Then for the even number simply add thier lowest set bit which i found using (x&-x) and add it in my final answer ? I don’t see anything wrong in logic but still it’s giving me WA can someone help.
Link to my code → CodeChef: Practical coding for everyone
Let X=12. The highest power of 2 that divides X is 4 (=2^2). Now, observe the binary representation of 12, which is 1100. The lowest set bit is the 2^{nd} bit from the right (consider 0-based indexing). Now, if you take the AND of 12 & 4, you get 4. So basically, you need to add the lowest set bit, which is nothing but 2^y. I hope this clears things. Try some more examples to convince yourself.
while(pw)
{
ll tmp=pow(2,pw);
ll x=n/tmp;
x-=cur;
ans+=x*tmp;
cur+=x;
pw–;
}
I cannot understand this part of code… can u please show the dry run … the rest is clear
mean how u r calculating the amount to be added in the ans.
ans+=x*temp…whats the logic behind this? i found that all odd numbers contributed 1 to the sum, so thats n/2 . then also if n is power of 2, graph cant be connected. how did you
connect the even numbers.
We can’t find the highest power of 2 that divides X for every X from 1 to N. So we’ll try to do something different. Find the count of all numbers that are divisible by a power of 2.

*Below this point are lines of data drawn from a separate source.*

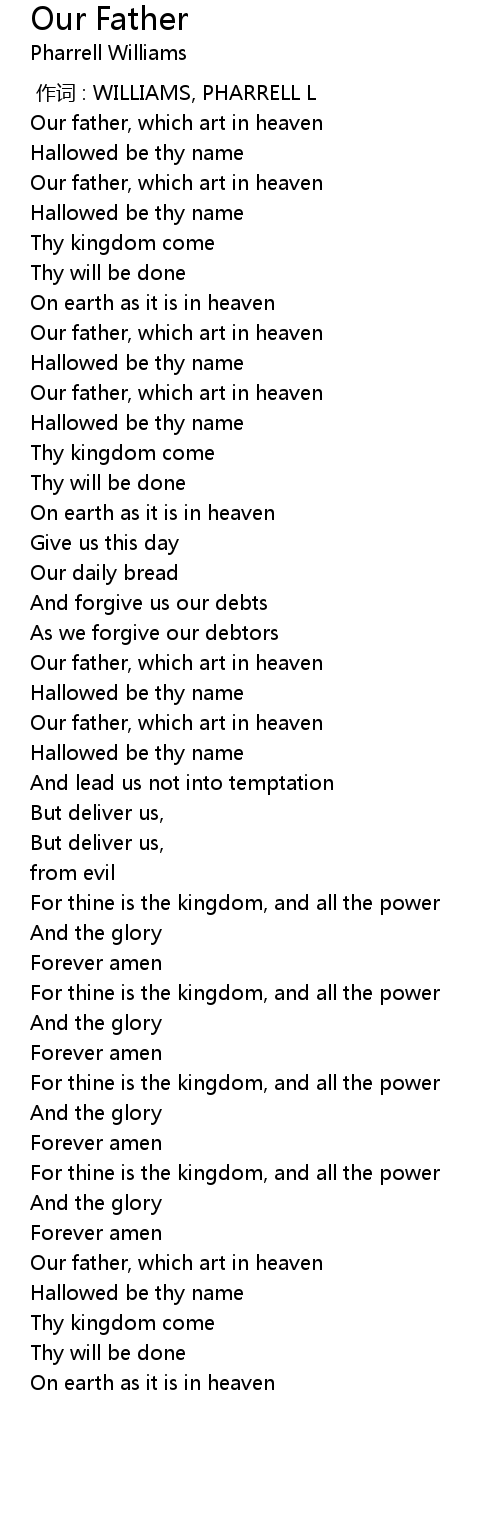 | [00:00.00] | 作词 : WILLIAMS, PHARRELL L |
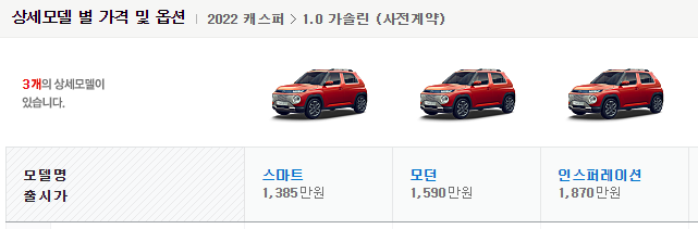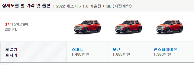 여기서 가솔린 1.0 터보 엔진을 탑재한 터보 모델은 '캐스퍼 액티브'라는 선택 사양으로 운영이 되는데 각 트림별로 가격이 90 ~ 95 만원 정도 더 추가가 됩니다.
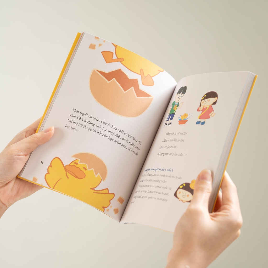 “Covid Chưa Qua, Cô Vịt Đã Tới” là cuốn sách dành cho các độc giả nhí từ 6 tuổi, bao gồm 18 câu chuyện ngắn xoay quanh cuộc sống gia đình và trường học của bé Lala, một cô bé lớp 2 hồn nhiên. Những mẩu truyện nhỏ của “Covid Chưa Qua, Cô Vịt Đã Tới” được Lala nhìn thấy trên đường đi học, trong góc bếp,… luôn rất trong trẻo và tràn ngập tiếng cười với những kỷ niệm đáng nhớ bên gia đình và bạn bè. Dù chỉ là những câu chuyện ngắn, mỗi chi tiết đều giàu giá trị của tình cảm gia đình và cộng đồng, luôn tràn ngập niềm vui và sự lạc quan. Điều đặc biệt trong những câu chuyện thường ngày của bé Lala đó là chúng đều gắn liền với những nét văn hoá Việt Nam mà các em vốn rất thân thuộc như câu chuyện ngày Nguyên Tiêu, truyện cố tích đất Phương Nam, Tết và ngày hội đập heo đất,… để giúp các bạn nhỏ hiểu thêm về những nét đẹp văn hóa trong chính cuộc sống của mình
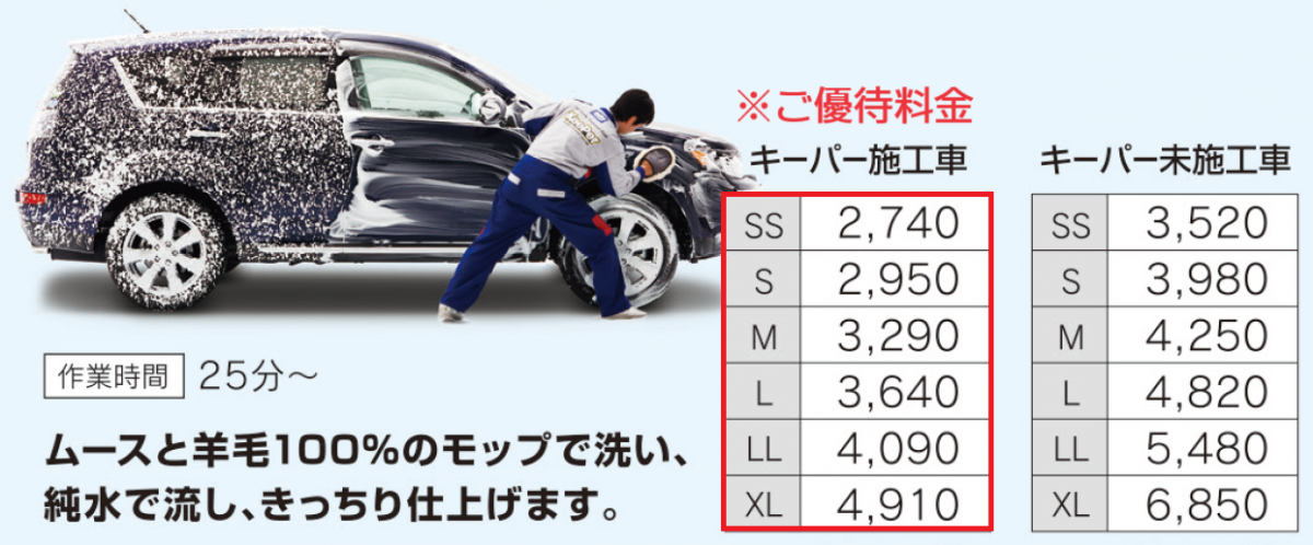 2.手洗い洗車(キーパー施工車)
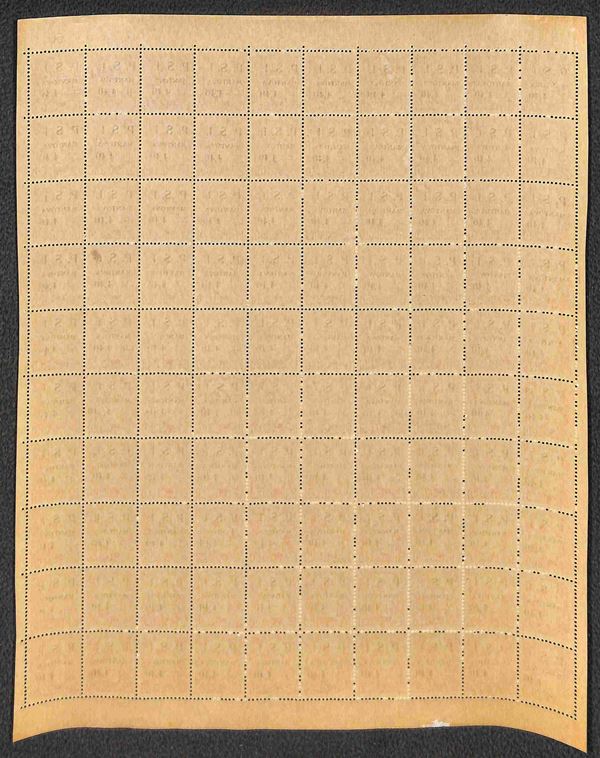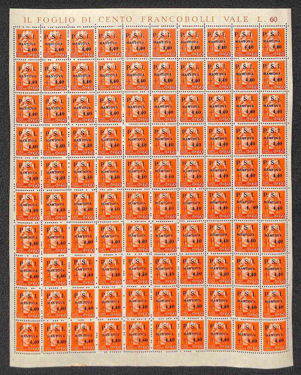 1945 - Foglio intero del 60 cent + 4,40 lire P.S.I. (5) - 100 esemplari con soprastampa obliqua e gli errori di composizione - margini integri - gomma integra
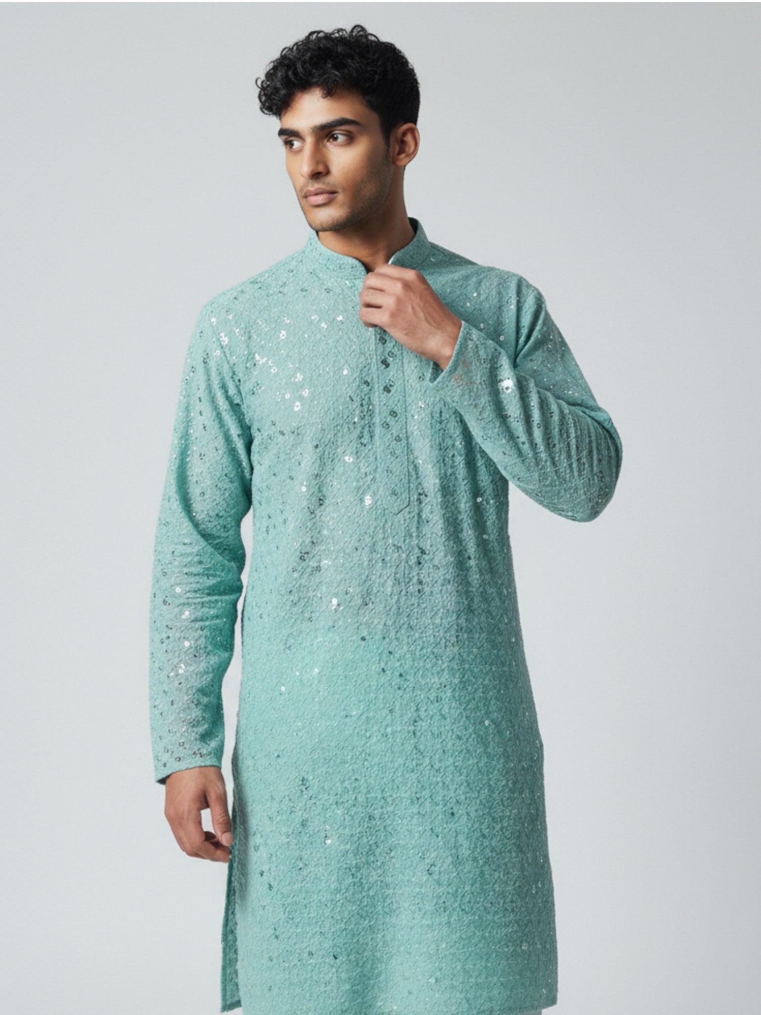 Keywords: aqua blue chikankari kurta pajama, embroidered kurta for men, mirror work kurta Canada, festive kurta pajama set, men’s ethnic wear

Let N=10. The highest power of 2 present in the range [1,N] is 8. How many numbers are there which are divisible by 8? The answer is N/8=10/8=1. That one number contributes 1*8=8 to the answer. The second highest power of 2 present is 4. How many numbers are there which are divisible by 4? The answer is N/4=10/4=2. But we are also counting the numbers divisible by 8 again. We need to subtract those. In the code, cur does this work. Therefore the count now becomes 2-1=1. We update answer as ans=ans+(1*4). And so on. Notice that in this process we calculated the contribution for all even numbers. Hope it is clear now.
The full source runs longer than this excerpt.